It is within such consideration that its two neighbouring states of Malaysia, Sabah and Sarawak, have been welcoming such move by the Jokowi administration. The Chief Minister of Sabah, Shafie Apdal, for instance, has been calling for all quarters in the state to ready for the economic spill-over effects that come with the relocation of the Indonesian capital into Kalimantan. Targeting cross-border economic development and business opportunities in the areas of infrastructure development, technological utilisation and skilled workforce training, the Sabah government is confident that the shift of the Indonesia’s capital city would generate these two major demands in the long-run. As such, it is tasking the Institute of development Studies (IDS) to conduct study and prepare an action plan for the state government to implement in the coming years.  

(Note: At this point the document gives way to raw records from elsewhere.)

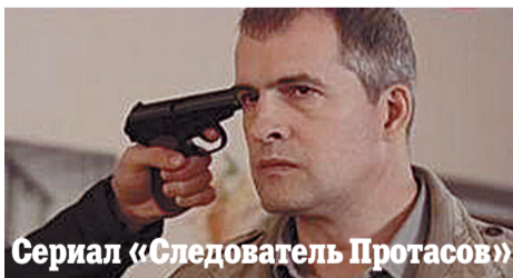
Сериал «Следователь Протасов»

06.00, 10.00, 12.00, 15.30, 18.30, 22.00 Сейчас 06.10 Утро на «5» (6+) 09.30 Место происшествия 10.30, 11.25, 12.30, 12.50, 13.40, 14.35, 15.25, 16.00, 16.45, 17.40 Т/с «Кулинар» (16+) 19.00, 19.40, 01.40, 02.25, 03.05, 03.40, 04.10, 04.45, 05.15 Т/с «Детективы» (16+) 20.20, 21.10, 22.25 Т/с «След» (16+) 23.15 Момент истины (16+) 00.10 Место происшествия. О главном (16+) 01.10 День ангела (0+)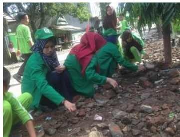
Kerja bakti di Sekolah SD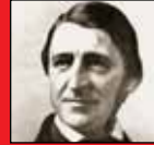
رالف والدن امرسون

تمرکز، راز قدرت در سیاست، جنگ، تجارت و به طور خلاصه راز قدرت در تمامی امور انسانی است.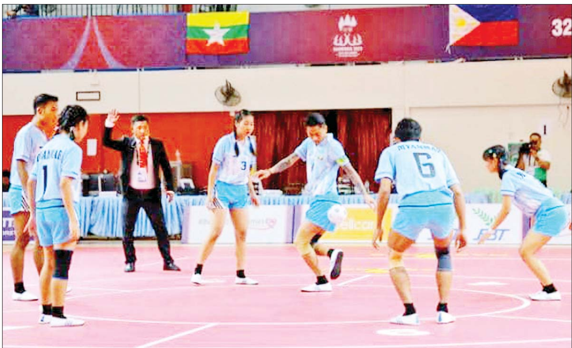
Linking Event-3 အမျိုးသား + အမျိုးသမီးပြိုင်ပွဲတွင် ရွှေတံဆိပ်ဆုရ မြန်မာခြင်းလုံးအသင်း ယှဉ်ပြိုင်နေစဉ်။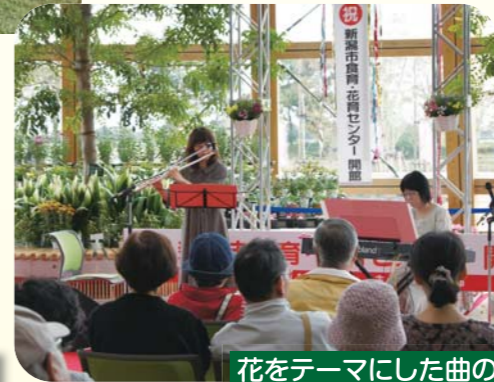
花をテーマにした曲の生演奏に癒されました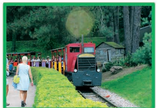
TRAIN TOURISTIQUE (MOINS DE 12 ANS ACCOMPAGNÉ)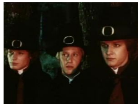
Крутые парни носят чёрное

А кроме того, гардемаринны — три долбёеба киноперсонажа, завербованные Императорской Тайной канцелярией для секретных поручений на благо илиты этой страны . Александр Белов, Алексей Корсак и Никита Оленев — герои позднесоветского и раннероссийского кино. Кумиры подростков и наш ответ нашим же «Трем мушкетерам». Всего фильмов было три: винрарный «Гардемарины, вперёд», неоднозначный высер «Виват, гардемаринны» и постсоветский говнофильм «Гардемарины-III». О них и пойдёт речь.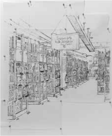
„Blick in die Bib“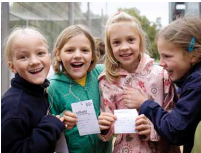
>> Großen Spaß hatten diese Schülerinnen der Evangelischen Schule Pankow bei ihrem Lauf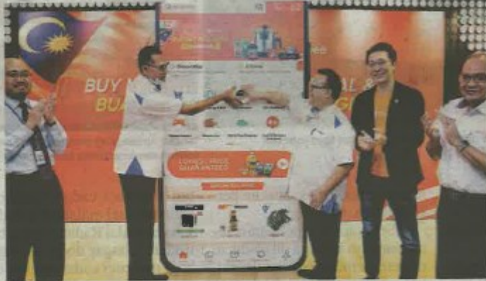
Menteri Perdagangan Dalam Negeri dan Hal Ehwal Pengguna, Datuk Alexander Nanta Linggi (tengah) ketika melancarkan Majlis Kempen Beli Barangan Malaysia di ibu pejabat Shopee, Kuala Lumpur pada tahun lalu.

"Dengan menggabungkan maklumat yang relevan dan dana untuk penjual dari rakan kongsi kami, disertakan dengan rangkaian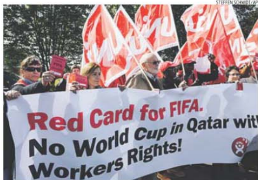
A FIFA tem estado na mira de manifestantes um pouco por todo o mundo

As autoridades do Catar negam estas queixas e denúncias ou alegam que elas não têm razão de ser, mas ao mesmo tempo vão dizendo que estão a rever e a melhorar as leis do trabalho, tendo em vista precisamente melhorar as condições de vida e de trabalho dos trabalhadores estrangeiros.

On the other hand, the Sarawakian leaders are even more fervent about the whole capital relocation exercise as pushed by the Jokowi administration. Like Sabah, the Sarawak government is looking forward for such move, with its leaders (Abdul Karim, Wan Junaidi and Idris Buang) eyeing at the economic opportunities of providing electrical supply to the new Indonesian capital, cross-border trade and tourism (medical, education and normal visits). Given such opportunities, it is not hard to understand why these leaders have been calling Sarawakians to equip themselves for such unprecedented opportunity. By all means, Sarawak leaders are viewing Indonesia’s capital relocation to Kalimantan as a game-changer for the Borneo’s long-standing economic landscape.  

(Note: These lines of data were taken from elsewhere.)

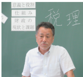
税理士会 島村支部長

3年生を対象に3クラス一斉に開始。始めに東京税理士会江東東支部の税理士先生が、まず、「税金の意義と役割」、次に「税金の仕組み」について説明をされた。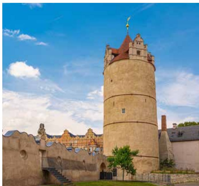
▲ Der Aufgang des Eulenspiegelturms in Bernburg wurde als erste Maßnahme fertiggestellt

Für das Sonderinvestitionsprogramm 1 stellen Bund und Land Sachsen-Anhalt jeweils 100 Millionen Euro bereit. Mit den insgesamt 200 Millionen Euro werden bis 2032 an zehn Liegenschaften der Kulturstiftung 19 Teilmaßnahmen umgesetzt. Im Mittelpunkt stehen der konsequente Abbau von Sanierungsrückständen und die Anpassung der Nutzung an heutige Anforderungen. Zu den herausragenden Projekten zählen die statische Ertüchtigung der Kernburg von Burg Falkenstein, der Ausbau der Vorkernburg auf Schloss Neuenburg in Freyburg (Unstrut) sowie – als größte Einzelmaßnahme – der Neubau eines Zentraldepots für die umfangreichen Sammlungsbestände, insbesondere des Kunstmuseums Moritzburg Halle (Saale).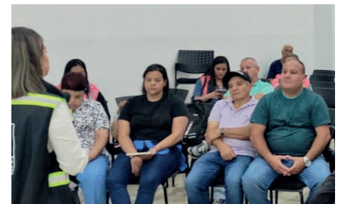
El progreso - Comuna 5

Con el propósito de escuchar las inquietudes de la comunidad y buscar alternativas para solucionarlas, desde la gestión sociopredial del Metro de la 80 y los moradores del territorio, se han propuesto diferentes espacios de escucha y concertación con los actores del proceso, como parte de la Política Pública de Protección a Moradores, Actividades Económicas y Productivas.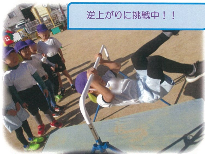
逆上がりに挑戦中！！

今日は運動の日！ 体操服を着て、戸外でしっかりと 身体を動かしました！鉄棒や跳び箱に 何度もチャレンジし、「もうちょっとで できそうだったのに！！」と悔しそうな 表情も見られました。 たくさん運動したので「全然寒くない よ！」と元気いっぱいの子も達でした！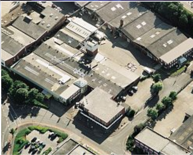
Nüsing-Werk in Münster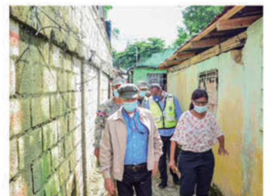
Alcalde SDE mientras visitaba una vivienda la cual será donada a una pareja de esposos de escasos recursos.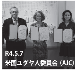
R4.5.7 米国ユダヤ人委員会 (AJC)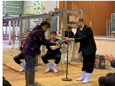
褒賞授与式風景(山口中央家畜市場)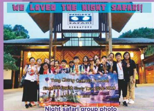
Night safari group photo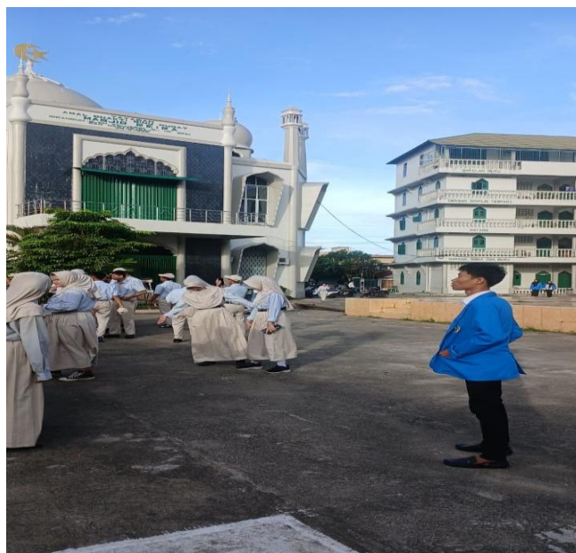
Gambar 1. Lingkungan SMA Pembina Palembang sebagai tempat pelaksanaan PLP.

kegiatan ekspresi tubuh. Pengenalan lingkungan sekolah membantu mahasiswa memahami budaya sekolah, termasuk kedisiplinan, pola komunikasi, dan kebiasaan peserta didik. Kartikawati et al. (2022) menjelaskan bahwa PLP memberi pengalaman awal bagi mahasiswa untuk memahami suasana persekolahan secara langsung. Alif dan Triatmaja (2022) juga menempatkan PLP sebagai proses pengenalan terhadap lingkungan sekolah, sementara pedoman Universitas Negeri Surabaya (2023) menegaskan pentingnya keterlibatan mahasiswa dalam observasi dan adaptasi dengan sekolah mitra. Pada konteks SMA Pembina Palembang, observasi lingkungan membuat mahasiswa lebih siap menyesuaikan pembelajaran seni dengan ruang yang tersedia dan kebiasaan sekolah.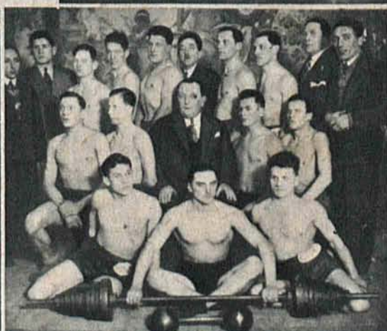
Sekcja ciężkoatletyczna Sokoła łódzkiego.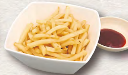
74 ポテトフライ 380円

But as mentioned earlier, such mammoth relocation would be impossible without the assistance of external stakeholders who could provide the much-needed financing and expertise (including technological know-how) to Indonesia in completing the historic move by 2024. This, of course, would entail developing essential infrastructure to accommodate all the government ministries and other agencies, constructing properties to house the anticipated expansion of population, pursuing sustainable development plans and establishing an urban centre that is connected internationally with the ASEAN region and the wider world. With all these needs in mind, China’s Belt and Road Initiative (BRI) has the absolute potential to become the platform for a tripartite cooperation among Indonesia, Malaysia (Sabah and Sarawak) and China. 

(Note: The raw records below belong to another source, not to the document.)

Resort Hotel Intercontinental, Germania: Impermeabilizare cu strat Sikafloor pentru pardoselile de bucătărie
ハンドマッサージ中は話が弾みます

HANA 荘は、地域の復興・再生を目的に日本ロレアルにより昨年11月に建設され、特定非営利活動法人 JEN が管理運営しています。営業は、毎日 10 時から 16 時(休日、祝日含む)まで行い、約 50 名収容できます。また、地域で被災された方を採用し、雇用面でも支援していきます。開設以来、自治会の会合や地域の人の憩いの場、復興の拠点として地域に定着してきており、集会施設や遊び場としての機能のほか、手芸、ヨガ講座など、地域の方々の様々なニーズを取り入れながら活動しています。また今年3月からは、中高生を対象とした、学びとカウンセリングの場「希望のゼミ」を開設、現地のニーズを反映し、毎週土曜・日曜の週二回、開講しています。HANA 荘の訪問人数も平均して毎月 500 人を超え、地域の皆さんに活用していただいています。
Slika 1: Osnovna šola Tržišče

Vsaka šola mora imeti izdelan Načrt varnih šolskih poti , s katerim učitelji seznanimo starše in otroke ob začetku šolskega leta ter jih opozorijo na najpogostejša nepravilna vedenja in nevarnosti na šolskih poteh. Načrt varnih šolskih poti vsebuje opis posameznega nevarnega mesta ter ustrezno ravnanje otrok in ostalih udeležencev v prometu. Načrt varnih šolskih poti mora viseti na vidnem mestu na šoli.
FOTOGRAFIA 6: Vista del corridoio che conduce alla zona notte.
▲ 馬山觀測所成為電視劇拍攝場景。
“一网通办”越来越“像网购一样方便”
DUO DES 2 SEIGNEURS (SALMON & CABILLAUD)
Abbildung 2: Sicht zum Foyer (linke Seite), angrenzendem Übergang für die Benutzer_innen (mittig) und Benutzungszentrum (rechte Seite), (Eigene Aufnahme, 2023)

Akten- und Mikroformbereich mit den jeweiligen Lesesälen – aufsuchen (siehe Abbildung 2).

Realising the Five Areas of Connectivity

Armed with enormous potential, the relocation of Indonesia’s capital offers another entry point for the BRI to realise its five areas of connectivity, namely, policy coordination, infrastructure building, unimpeded trade, financial integration and people-to-people exchanges. Having said that, a greater purpose could only be served by not limiting the BRI platform for the bilateral cooperation between Indonesia and China but rather, a trilateral one that also involves the Malaysian participants of Sabah and Sarawak. Not only would such positioning echo the common aspiration between Malaysia and Indonesia to develop the Borneo Island, it also helps China to establish its cooperation foothold with Sabah, Sarawak and Kalimantan.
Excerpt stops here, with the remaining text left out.